▼

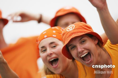 8月13日,北京奧運(yùn)會棒球比賽開賽,中華臺北隊(duì)在揭幕戰(zhàn)中以5:0完勝荷蘭隊(duì)。圖為激情荷蘭球迷現(xiàn)場助威。中新社發(fā) 武仲林 攝
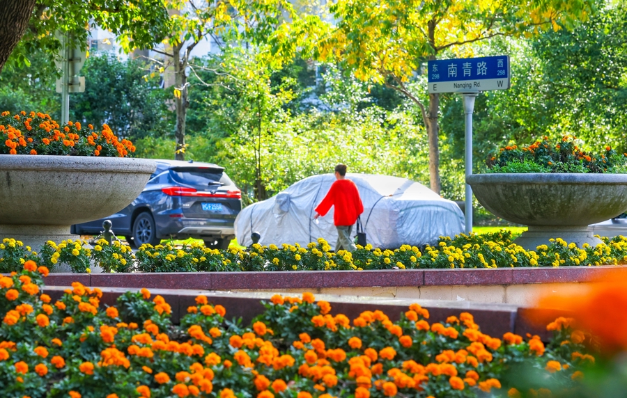 市民或驻足拍照,或静坐赏景,在都市喧嚣中邂逅一抹静谧的秋意。
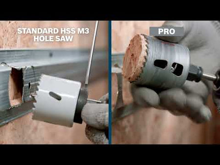 The PRO Multi Material Hole Saw has enhanced tooth design for fast and smooth cuts and high-cobalt HSS alloy teeth for longevity. It tackles steel cladding and drywall effectively. The Power Change plus makes changing hole saws and pilot drill bits faster and removing material plugs easier.
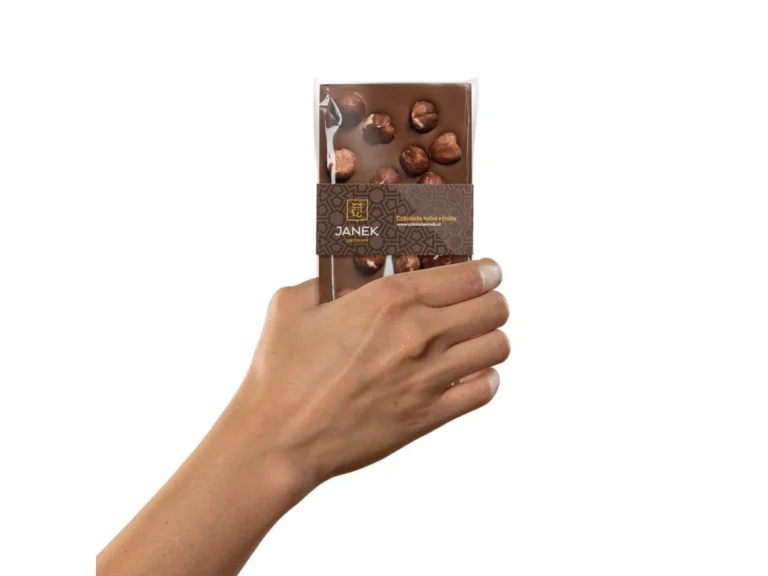 Tohle je trochu oříšek. Tentokrát lískový. Jemná mléčná čokoláda provoněná vanilkou. Žádnými aromaty nebo esencemi. Ale zrníčky pravé vanilky. K tomu přidejte ručně přebrané lískové ořechy a máte tabulku, která voní, křupe a zároveň se pomalu rozplývá na jazyku.
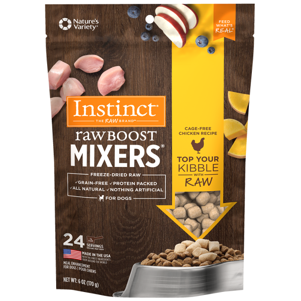 Top your dog's kibble with raw. Instinct Raw Boost Mixers Cage-Free Chicken Recipe is the easiest way to put more of the pure, real nutrition of raw into every bowl. Made with protein-packed, cage-free chicken and chicken liver plus non-GMO vegetables & fruits - Raw Boost Mixers support proper digestion, healthy skin & coat, energy and vitality. They provide all-natural, minimally processed nutrition without grain, potato, corn, wheat, soy, by-product meal, artificial colors or preservatives.
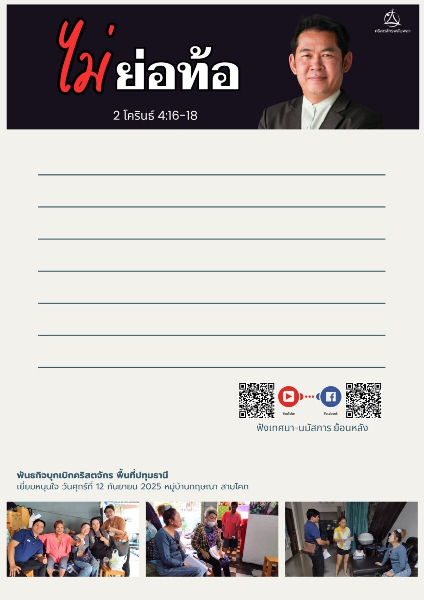 เราจะไม่ย่อท้อ แต่จะเอาใจใส่ในสิ่งที่ไม่มองเห็น
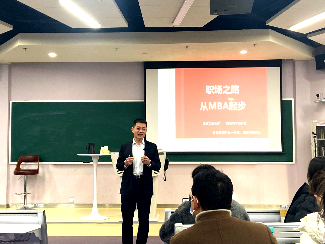 12月7日上午,應(yīng)北方工業(yè)大學(xué)MBA教育中心邀請,社科賽斯考研總裁、黨支部書記李發(fā)進(jìn)先生為23級MBA新生帶來《職場之路,從MBA起步》專題講座!
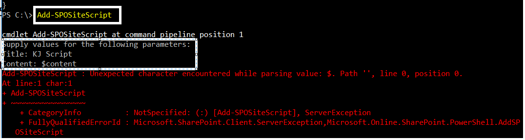 Add-SPOSiteScript – issue resolved – “Add-SPOSiteScript : Unexpected character encountered while parsing value: $. Path ”, line 0, position 0.” – New lesson learned 🙂
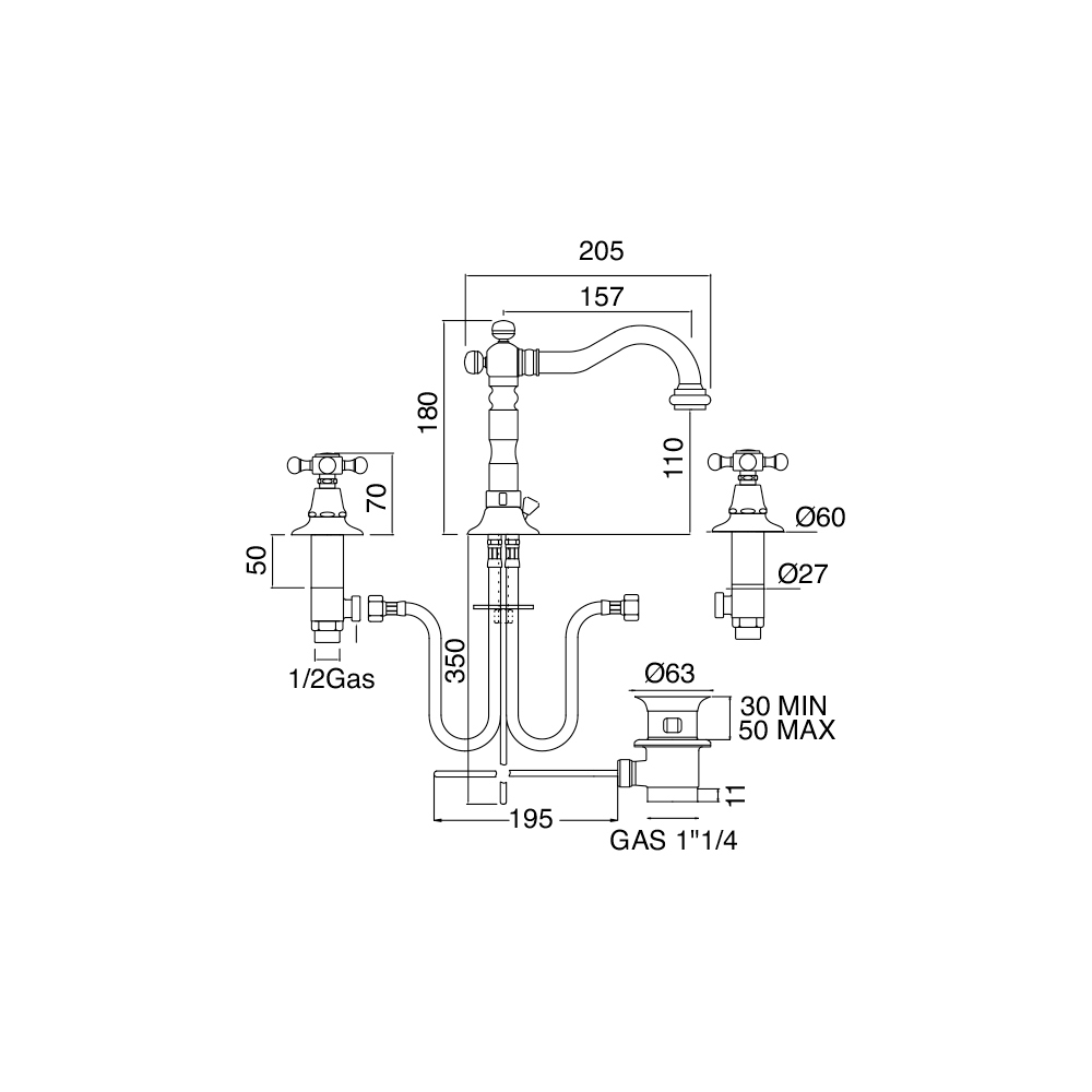 3-hole basin mixer with drain, made of brass.

▲

▶ [PROBLEM REQUIREMENTS]: Leave the pictures out, and please copy only the lines from the one with "Add-SPOSiteScript – issue" through the end of the listing.

▶ [RESULT OF THIS EXERCISE]:
 Add-SPOSiteScript – issue resolved – “Add-SPOSiteScript : Unexpected character encountered while parsing value: $. Path ”, line 0, position 0.” – New lesson learned 🙂
 3-hole basin mixer with drain, made of brass.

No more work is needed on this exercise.